Lines 6-12 adjust the callback counts, with line 10 noting the arrival of any non-lazy callbacks for the benefit of RCU_FAST_NO_HZ.

Line 13 checks to see if the rcu_state structure has callbacks ready to invoke, and if so, lines 14-20 adopt them. Line 14 and 15 splice the new callbacks at the end of this CPU's list of callbacks that are ready to invoke. Lines 16-18 update the ->nxttail[] pointers for any empty segments of the list to reference the new last ready-to-invoke callback. Lines 19 and 20 then initialize the rcu_state structure's ->orphan_donelist to empty.

Line 22 checks to see if the rcu_state structure has callbacks that need to wait for a grace period, and if so, lines 23-26 adopt them. Lines 23 and 24 append the new callbacks to the end of this CPU's list, and lines 25 and 26 initialize the rcu_state structure's ->orphan_nxtlist to empty.

Summary

This article has described the flow of callbacks through RCU, including their interactions with rcu_barrier() and CPU-hotplug operations.

Acknowledgments

I am grateful to @@@

Legal Statement

This work represents the view of the author and does not necessarily represent the view of IBM.

Linux is a registered trademark of Linus Torvalds.

Other company, product, and service names may be trademarks or service marks of others.

Answers to Quick Quizzes

Quick Quiz 1: Suppose we (incorrectly) associated CB 4 with the next grace period number 3. Exactly how could problems result?

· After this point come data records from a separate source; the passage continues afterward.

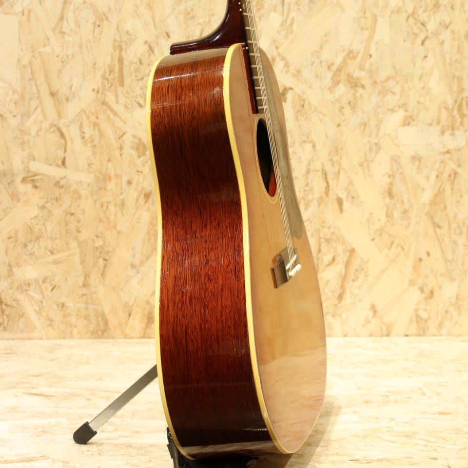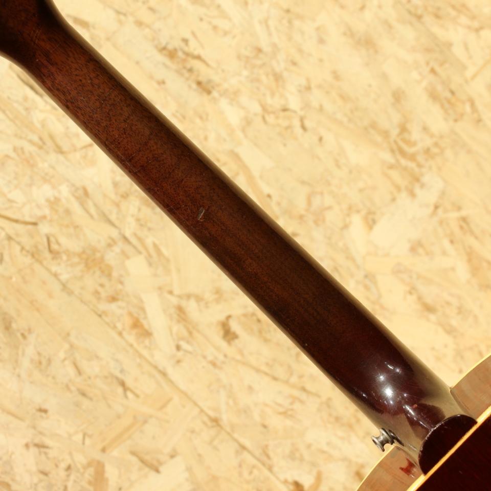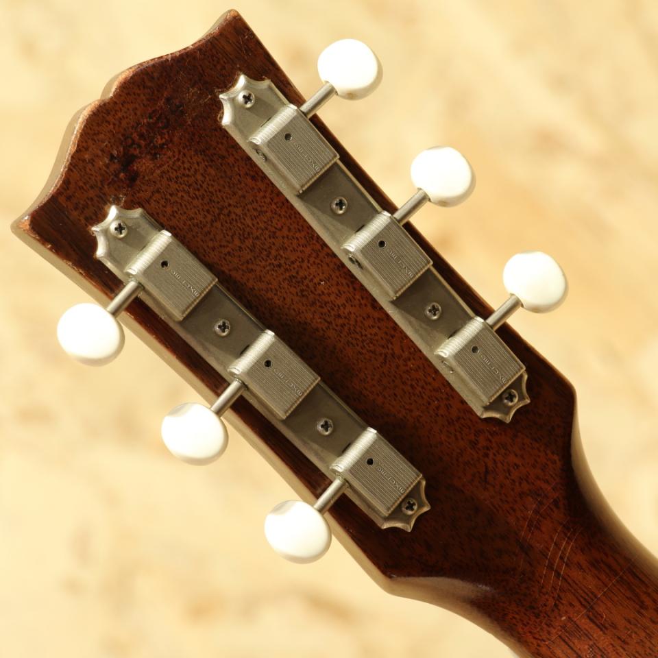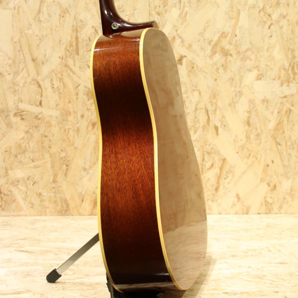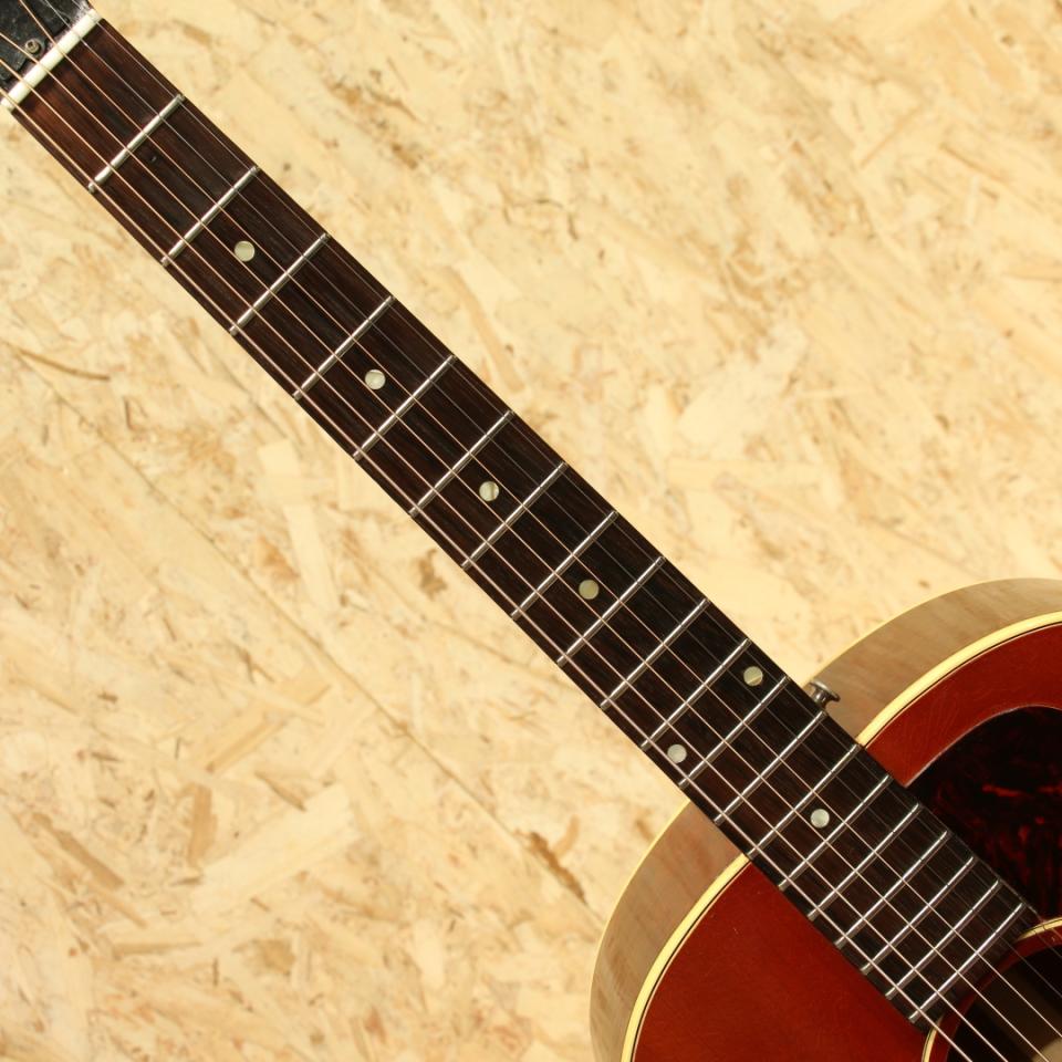 1942年の登場より不動の人気を誇るJ-45。現在に至るまでアコースティックギターシーンのトップを走り続けるロングセラーモデルです。本機は50年代後半と60年代前半のスペックを併せ持つ"J-45"。1961年製Vintage品。スプルーストップ、マホガニーサイド&バック、マホガニーネック、ハカランダ指板&ブリッジ、ノーマルストレートサドル、オリジナル・シン・ポインテッド・ラージピックガード、シングルリングロゼッタ、ワンライン3連クルーソンタイプペグ、ノンスキャロップドXブレイシング。60年代の極初期に見られる色味の濃いダークチェリーサンバーストを備えたJ45。スキャロップ期から1955年頃にノンスキャロップへと変更が入った歴史を持つJ-45。そこからも年々ブレイシングの高さや幅が変わるなど年を追うごとにサウンドの傾向が変わっていきます。本器の頃には細く高い形状へと変化しており、シャープな音色とスピーディな反応性を獲得しています。50年代の太く甘く泥臭さを感じる音色からスッキリと輪郭感のある響きへ、それでありつつも箱全体で増幅しているような空気感のある響きも持ち合わせます。60年代前半のADJと比べるとよりダイレクトなレスポンス、コシのあるサウンド、音色の太さが武器となるでしょう。一度触ると病みつきになるであろうGood Soundの1本です。ネックヒールサイドにストラップピン装着。ブリッジプレートは当時の接着剤を使用していない為リプレイス、同時にブリッジも交換されていますが、両者とも非常に精巧に作られておりぱっと見では見紛うほどの仕上がりです。Vintageではよく見られるピックガードに沿って割れる木部クラックがピックガード内側、サウンドホール上部と下部に見られますが、両者とも接着と内部にパッチが施され問題なく使用できる状態となっています。上記修理跡こそ見られるもののその他には細やかな当てキズや擦れキズが見られる程度と良好な状態をキープされている個体。ネック周りの状態も良く、50年代後半と比べて薄くなったグリップ感も相まって高い演奏性を持っている1本です。50年代後半より演奏性とサウンドが変化、同時期のADJとはサウンドが異なる中間的な印象のJ45。ノーマルスロット故のコシやサスティーン、パンチ感が魅力的な個体です。また一味違った個性を持つ1本、是非ご検討下さい。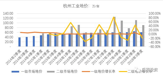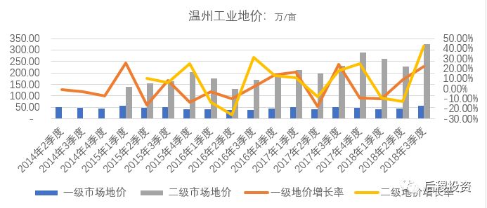 我們挑選杭州、寧波、溫州這三個比較典型城市,統(tǒng)計了自2014-2018年工業(yè)土地司法拍賣與一級出讓的價格變化趨勢: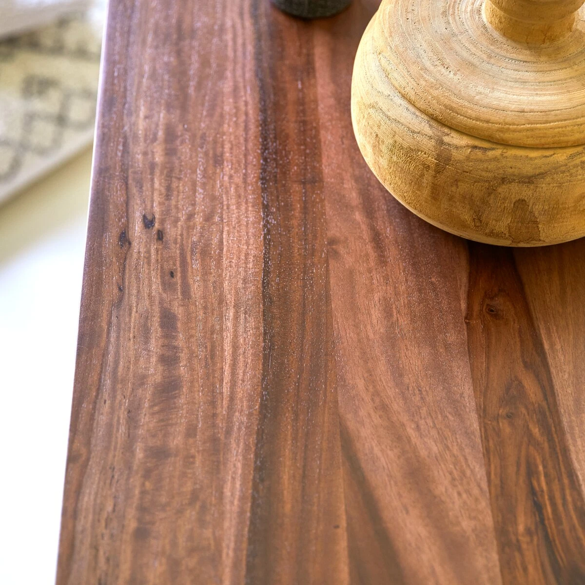 The Nova solid sheesham sideboard: with its clean lines, great storage capacity and superb wood with beautiful veining, it has everything you could wish for! This sideboard is very generous in terms of space and will enable you to organise all your tableware and table linen: the large drawers allow you to see at a glance what they contain. Note the beautiful understated design and the elegant stainless-steel base, which can be mounted with four clips and provides a contrast in the volumes.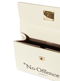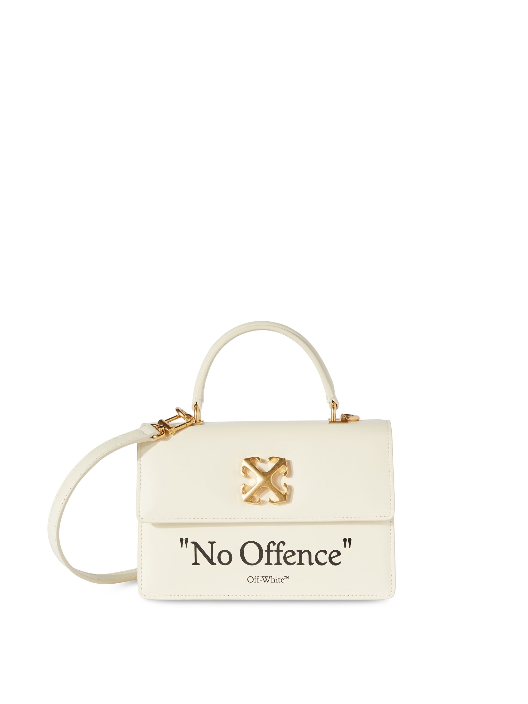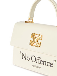 White handle jitney bag featuring gold arrows, black "No Offence" and Off-White logo at front. MATERIALS Outer: 100% Calf Leather FITTING Bust 0cm Height 0cm Hips 0cm Waist 0cm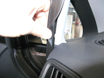 Press the ProClip upward/forward so the angled upper part hooks around the A-post. Press until you hear/feel it snaps into place.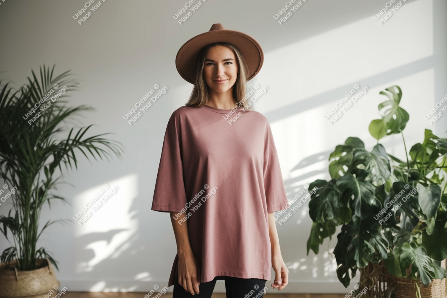 Fashion T-shirt Pink Casual Mockup Woman Hat Plants Indoor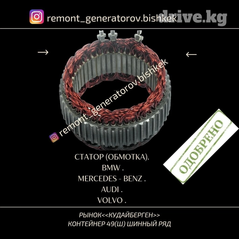 СТАТОР ( ОБМОТКА ) НА ГЕНЕРАТОР БМВ , МЕРСЕДЕС , АУДИ , ВОЛЬВО , Фольксваген .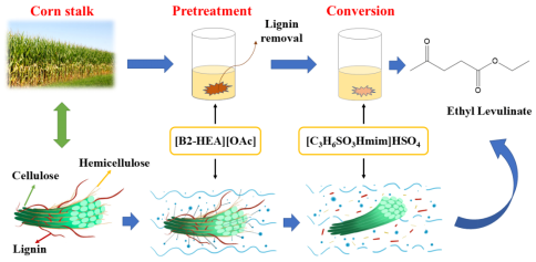 来自农作物秸秆的木质生物质是一种丰富且廉价的可再生资源,可以转化为高价值的平台化学品。木质生物质拥有复杂的三维结构,其主要组分纤维素、半纤维素和木质素之间通过氢键和共价键牢固地相互结合,因此木质生物质通常都不容易被降解,需要一系列有针对性的预处理。质子型离子液体是一种结构稳定、酸性可调且可循环使用的新型催化剂,具有优异的溶解纤维素的能力,通过降低纤维素的结晶度,进一步增强其水解/醇解性。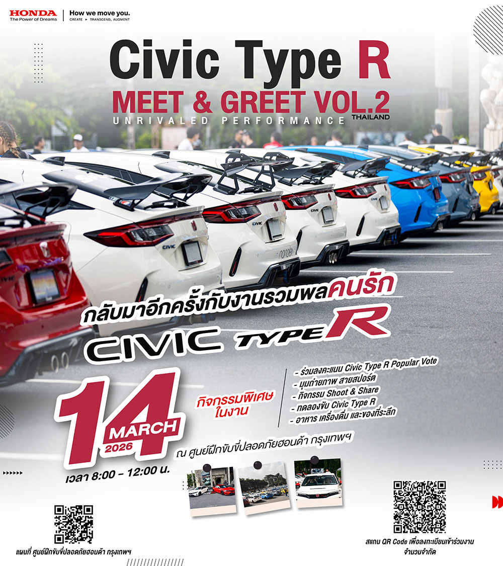 • บริษัท ฮอนด้า ออโตโมบิล (ประเทศไทย) จำกัด จัดงานรวมตัวครั้งยิ่งใหญ่ของชาวแฟน ๆ สายสปอร์ตคนรัก Honda Civic Type R ในกิจกรรม Honda Civic Type R Fan Meet #2: The Unrivaled Performance ในวันเสาร์ที่ 14 มีนาคม 2569 ณ ศูนย์ฝึกขับขี่ปลอดภัยฮอนด้า ถนนรามคำแหง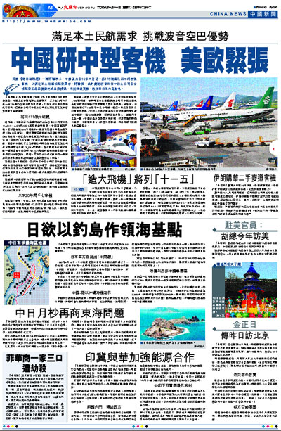 德國之聲7日報道說,歐洲的空中巴士和美國的波音公司對中國日益增長的市場寄予巨大希望。但是北京不願意這筆大生意任由這兩家大飛機製造商左右。中國宣佈自2010年起研製自己的大型飛機,這消息讓歐洲人感到很不是滋味。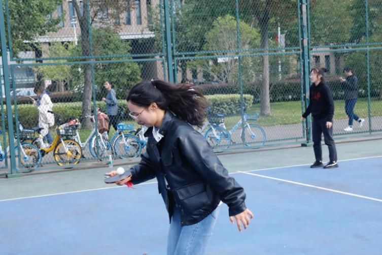 在“乒乓球接力赛”中,每队六名队员采用迎面接力形式,单手用乒乓球拍运送乒乓球,依次完成接力,紫队再次拔得头筹。
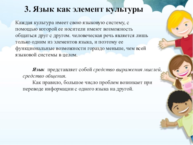 3. Язык как элемент культурыКаждая культура имеет свою языковую систему, с помощью которой ее носители имеют возможность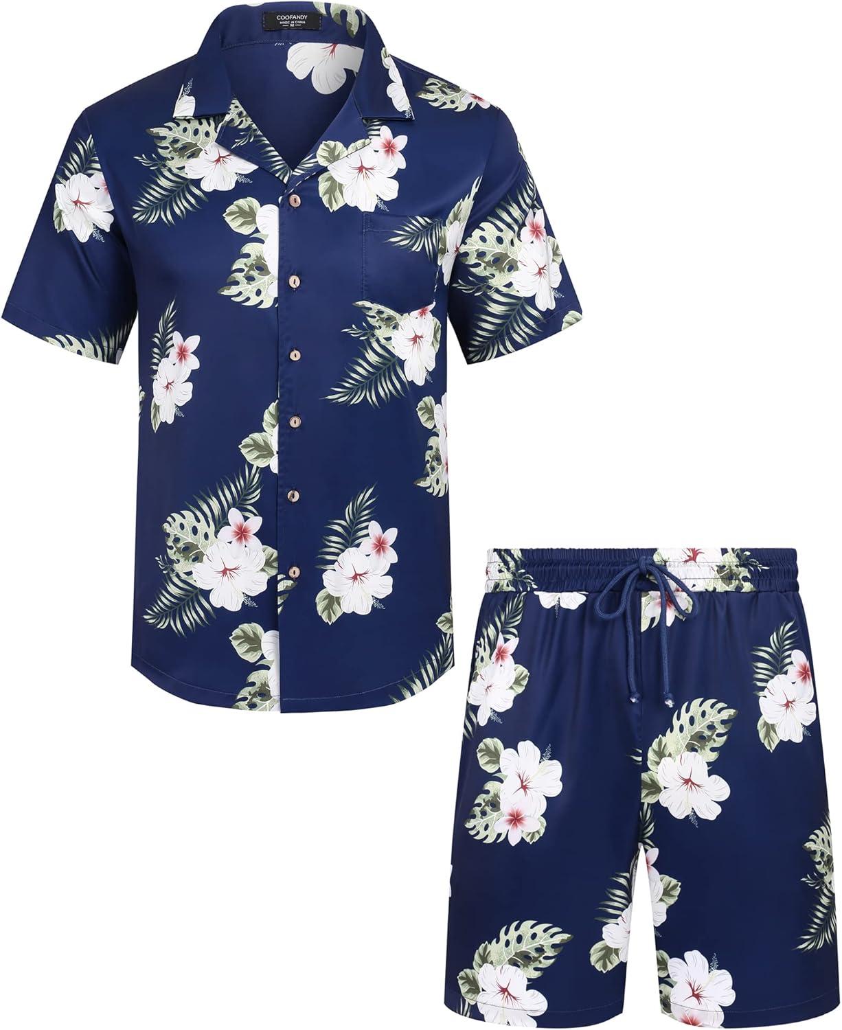 COOFANDY Mens Hawaiian Shirt and Shorts Set 2 Piece Vacation Outfits Floral Button Down Shirt(Navy)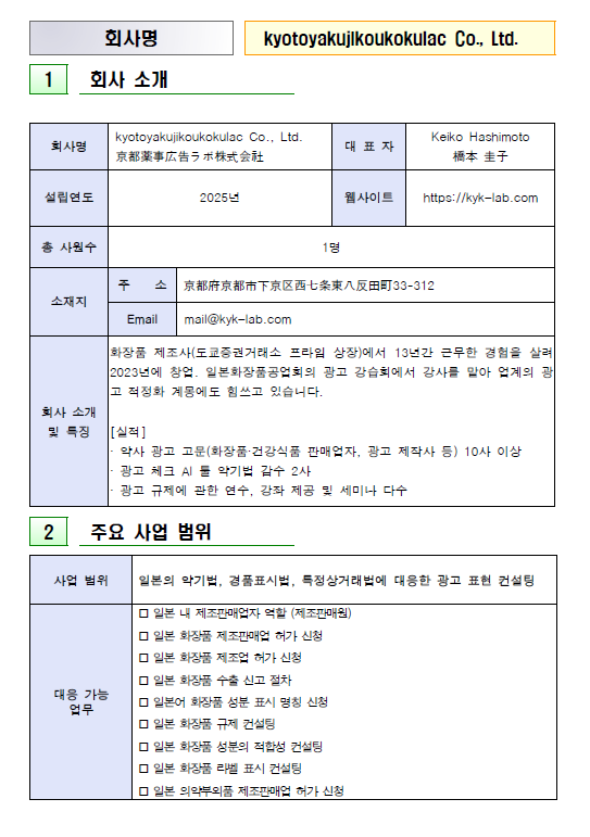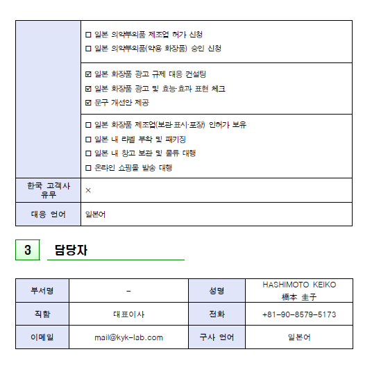 「本リストに掲載された代行機関は、韓国化粧品協会が公式に認定または推薦する機関ではなく、各会員企業におかれましては参考資料としてご活用ください。本案内を通じて協会が経済的利益を得ることはなく、代行機関との実際の業務進行時に発生する問題について、協会は民事・刑事上の責任を負いません。」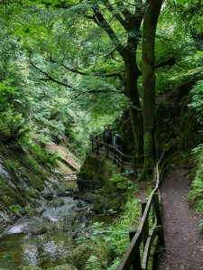 A narrow glen and a scenic walkway

Answer: The following sequence of events would lead to failure, where CPU 0 is the one corresponding to CB 4:

  1. CPU 1 ends the current grace period and starts a new one.
  2. CPU 2 notices the new grace period and announces a quiescent state.
  3. CPU 2 enters an RCU read-side critical section and uses rcu_dereference() to obtain a pointer to data element A.
  4. CPU 0 removes data element A from its enclosing data structure and uses call_rcu() to schedule freeing of data element A after some later grace period.
  5. CPU 1 announces a quiescent state.
  6. CPU 0 notices the new grace period and announces a quiescent state.
  7. The new grace period is now complete, and CPU 0 is now free to invoke CB 4, which will free data element A. While CPU 2 is still using it.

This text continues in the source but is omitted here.